(Beginning of SOURCE MATERIAL)
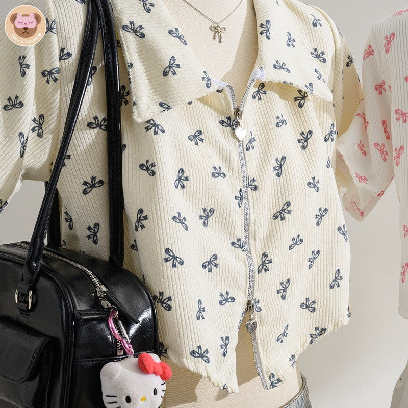 ผ้าลูกฟูกพิมพ์ลายโบว์ ดีเทลปลายโค้ง
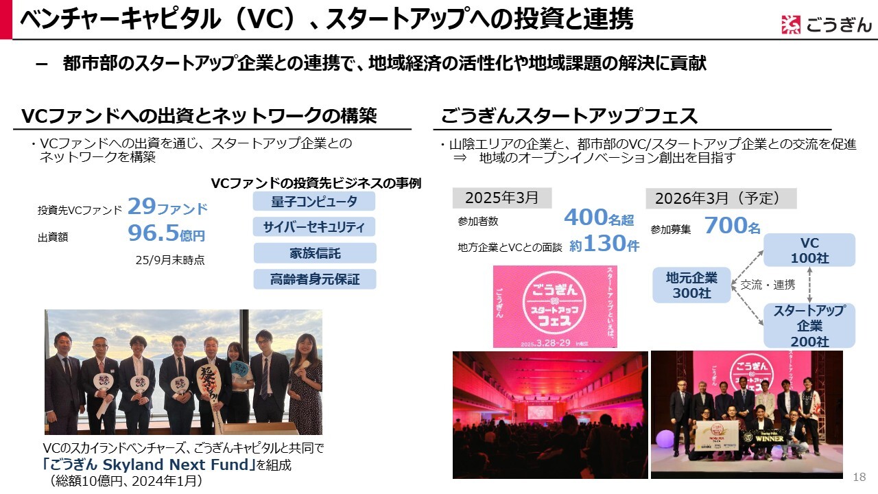 スライド右側をご覧ください。2025年3月には、山陰エリアの企業と都市部のベンチャーキャピタル、スタートアップ企業の交流を促進することを目的に、「ごうぎんスタートアップフェス2025」を開催しました。
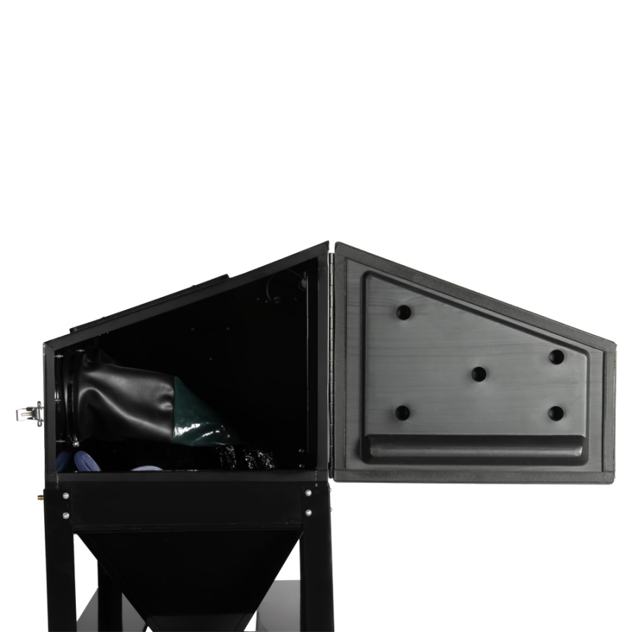 - Благодаря фильтру пескоструйную камеру можно использовать в закрытом помещении без оборудования дополнительной рабочей площадки;
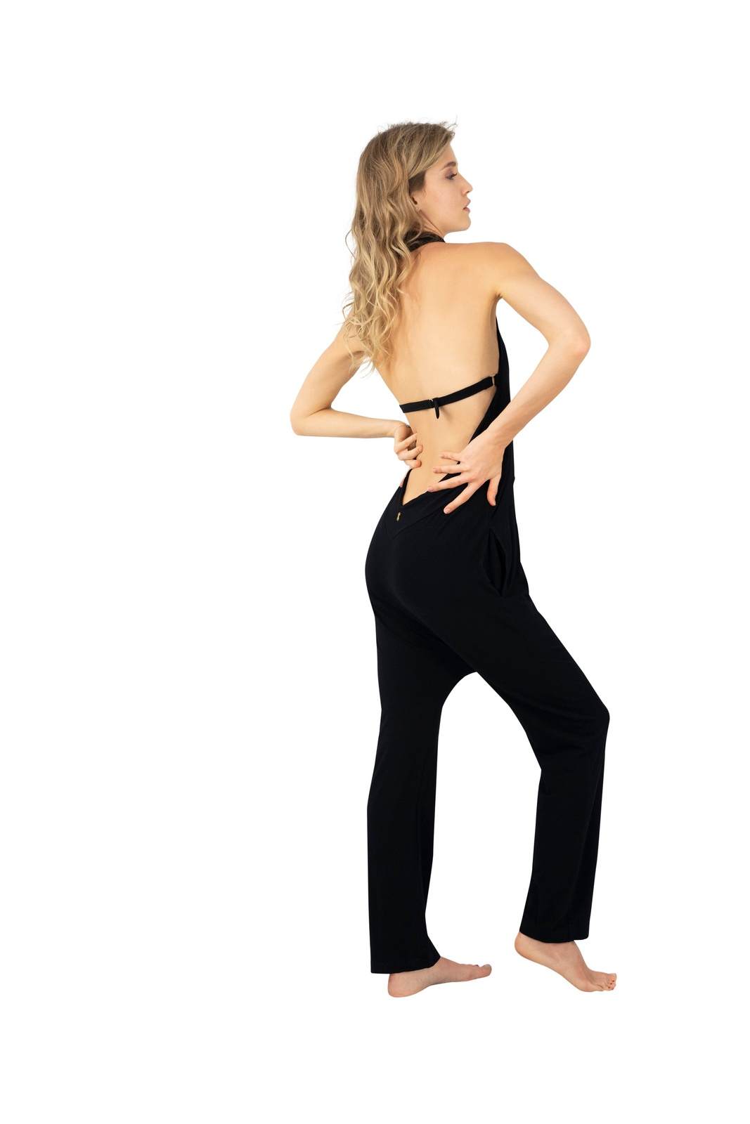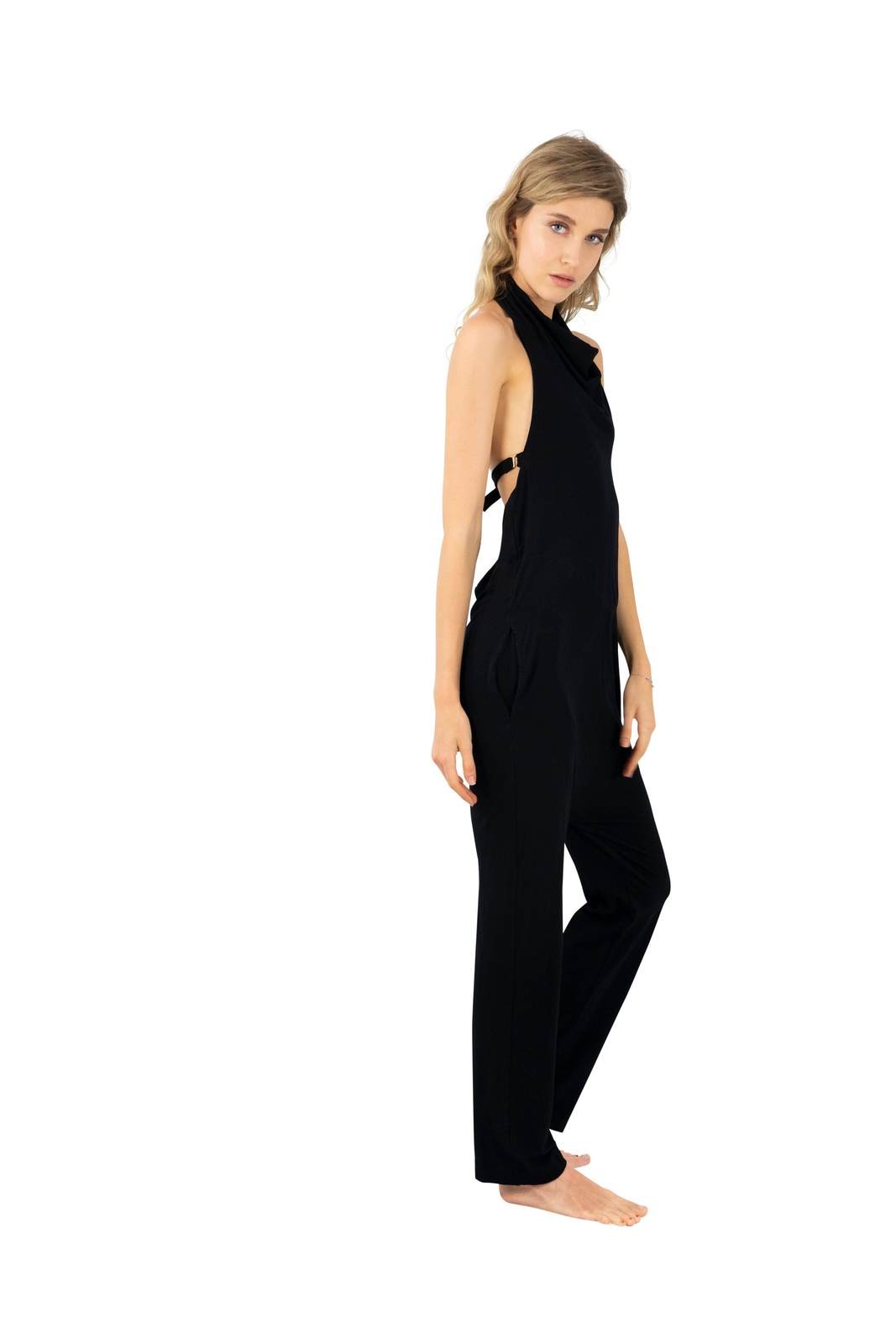 Womens Black Harem halter neck style onesie by Ekoluxe sustainable clothing brand Womens Black Harem halter neck style onesie by Ekoluxe sustainable clothing brand
(End of SOURCE MATERIAL)
REQUIRED ACTION
Having located the line with "スライド右側をご覧ください。", copy it exactly along with every later line through the end of the listing above, but omit the pictures.

RESPONSE FOR THIS EXERCISE
 スライド右側をご覧ください。2025年3月には、山陰エリアの企業と都市部のベンチャーキャピタル、スタートアップ企業の交流を促進することを目的に、「ごうぎんスタートアップフェス2025」を開催しました。
 - Благодаря фильтру пескоструйную камеру можно использовать в закрытом помещении без оборудования дополнительной рабочей площадки;
 Womens Black Harem halter neck style onesie by Ekoluxe sustainable clothing brand Womens Black Harem halter neck style onesie by Ekoluxe sustainable clothing brand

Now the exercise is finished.